Title: Study Using Kepler Telescope Data Reveals New Insights Into Shrinking Exoplanets
Researchers using the Kepler Space Telescope have discovered new evidence that some exoplanets are shrinking due to the loss of their atmospheres, a phenomenon likely caused by core radiation. This discovery provides insight into the observed size gap in exoplanets and suggests a significant atmospheric loss process different from the previously theorized photoevaporation.
The study, published in The Astronomical Journal, has the potential to explain the ‘missing’ exoplanets between super-Earths and sub-Neptunes. Data from NASA’s retired Kepler Space Telescope indicates that the cores of certain exoplanets are pushing their atmospheres away from the inside out, causing them to shrink.
Exoplanets come in a variety of sizes, but there is a noticeable absence of planets in the 1.5 to 2 times the size of Earth range, known as the “size gap.” Lead author of the study, Jessie Christiansen, explained that there’s something going on that impedes planets from reaching and/or staying at this size.

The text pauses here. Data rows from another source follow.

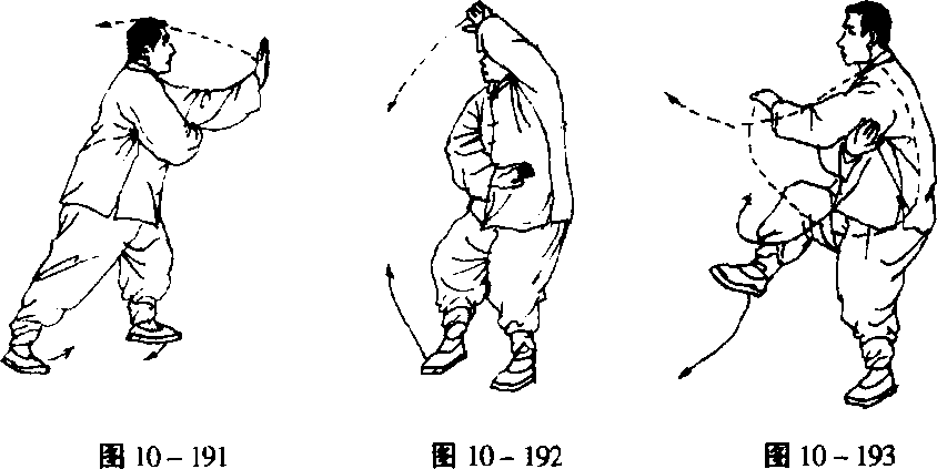 1. 扣脚转身 左脚尖内扣,上身向右后转身,右脚跟内收 并提起,成右虚步,同时,左掌随上体右转并上举,置于左额上 方,目视前方(图10-192)。
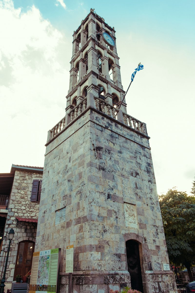 Το χαρακτηριστικό ρολόι της περιοχής και καμπαναριό του ναού του Αγίου Γεωργίου.
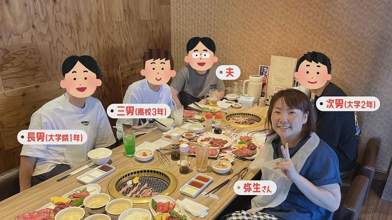 大学院生・大学生・高校生3人の息子と夫の5人家族です。
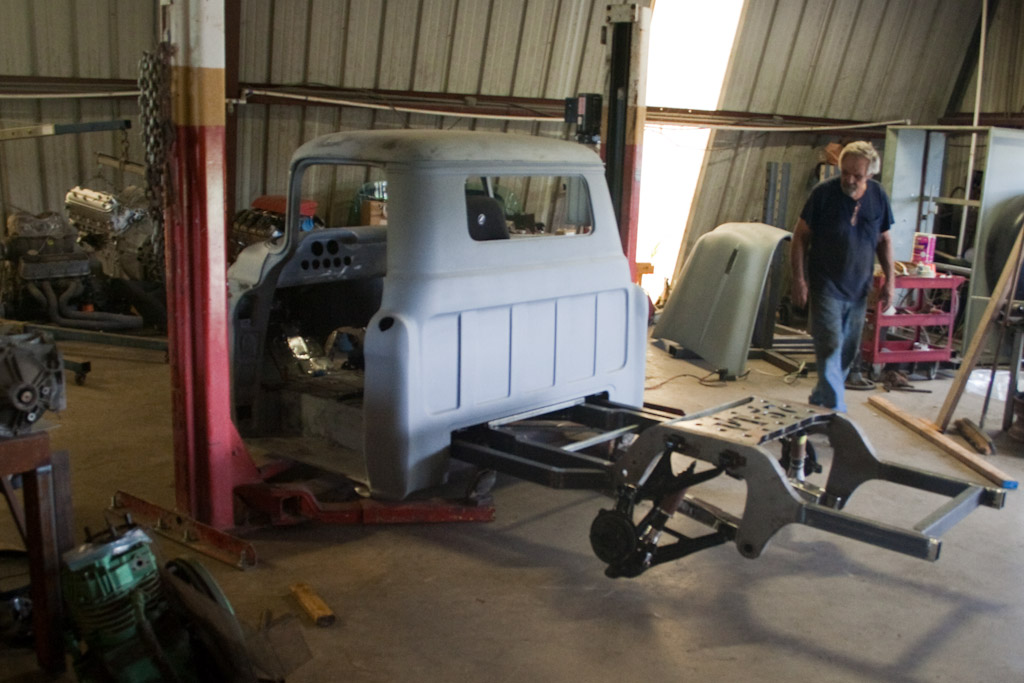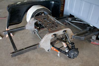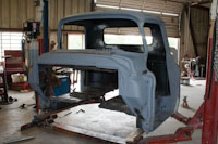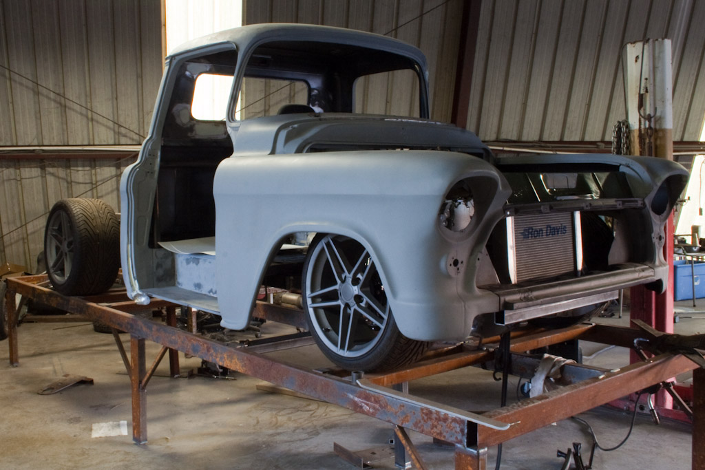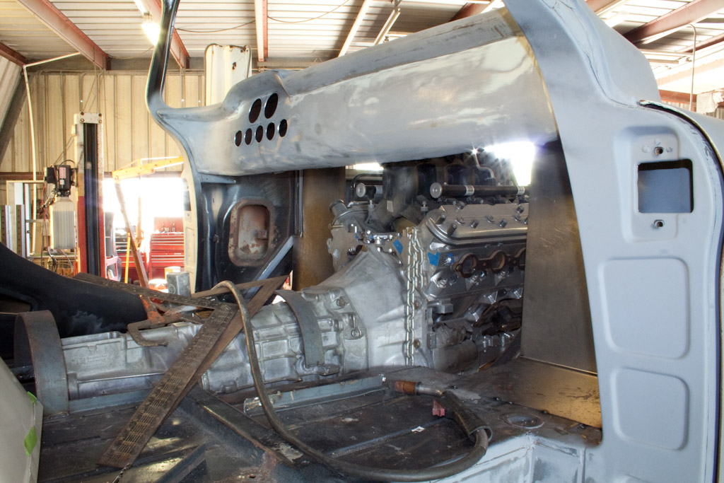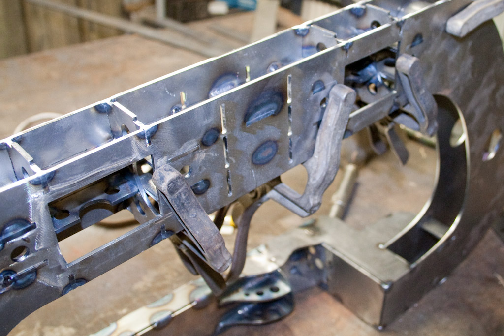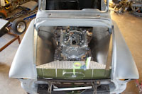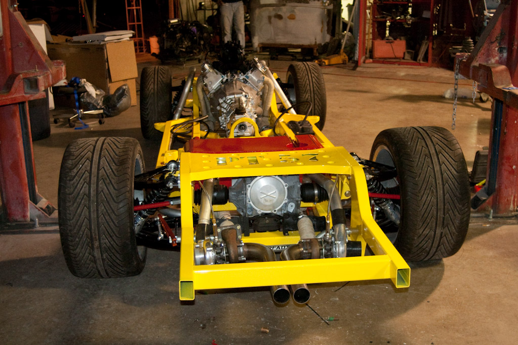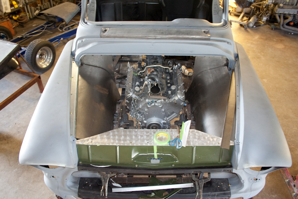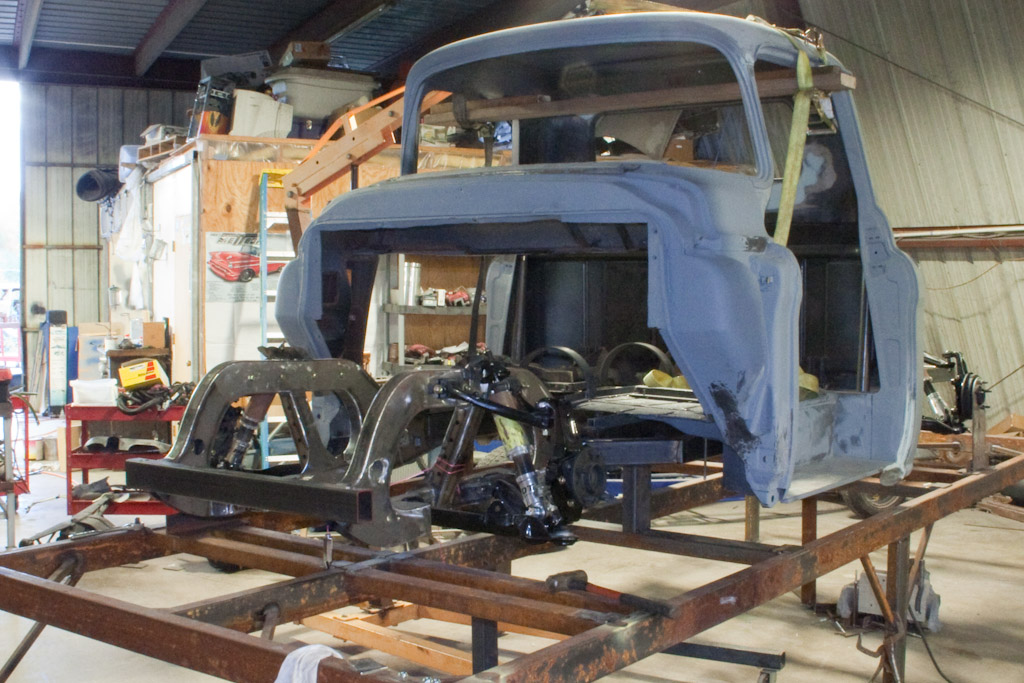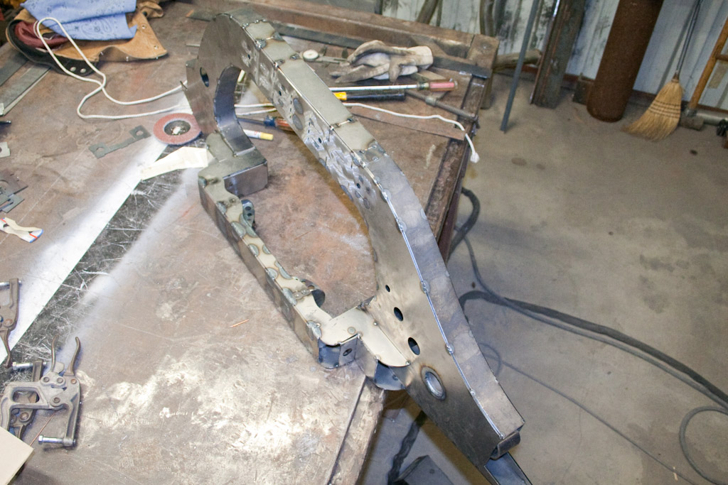 Back onto the jig table for driveline angling, exhaust and sheet metal work.
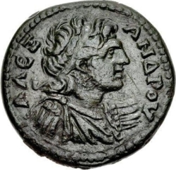 diademed and cuirassed bust of Alexander the Great with hanging hair, right, seen from front
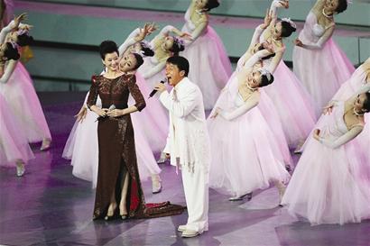 約半個(gè)小時(shí)的開(kāi)幕式演出,聚合了五大洲的頂級(jí)明星,星光璀璨照耀浦江。在嘉賓入場(chǎng)后,由上海大學(xué)生組成的800人合唱團(tuán)唱起一曲《和諧歡歌》,“鮮花簇?fù)砑s定地方,熟悉沒(méi)見(jiàn)過(guò)的臉龐,呼喚聽(tīng)見(jiàn)心靈激蕩,邀世界分享……”著名歌唱家宋祖英和國(guó)際巨星成龍攜手出場(chǎng),為本次世博會(huì)開(kāi)幕唱響第一個(gè)強(qiáng)音。
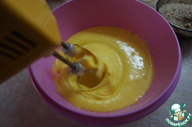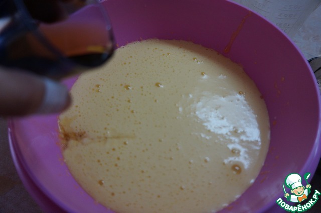 Просеянную муку, частями добавляем в яичную массу, и перемешиваем.

The study supports the theory that certain sub-Neptunes are losing their atmospheres over time due to insufficient mass and gravitational force to retain them. Core-powered mass loss, caused by radiation emitted from a planet’s hot core, is believed to be the leading explanation for this phenomenon.
By analyzing data from the star clusters Praesepe and Hyades with NASA’s K2, the researchers found that nearly 100% of stars in these clusters still have a sub-Neptune planet or planet candidate in their orbit, suggesting that they have retained their atmospheres. This differs from older stars, where only 25% have orbiting sub-Neptunes. The observations indicate that photoevaporation could not have taken place in Praesepe and Hyades, leaving core-powered mass loss as the leading explanation.
While the research is ongoing, the findings shed new light on the atmospheric loss process of exoplanets and suggest that the current understanding of photoevaporation and core-powered mass loss could evolve with future studies. The discovery was made possible using the NASA Exoplanet Archive, operated by Caltech under contract with NASA, and is a testament to the groundbreaking legacy of the Kepler mission.
Kepler, which concluded its mission on October 30, 2018, discovered more than 2,600 confirmed planets around other stars and provided valuable data for studies such as this. The mission was managed by NASA’s Ames Research Center and was instrumental in revolutionizing our understanding of exoplanets.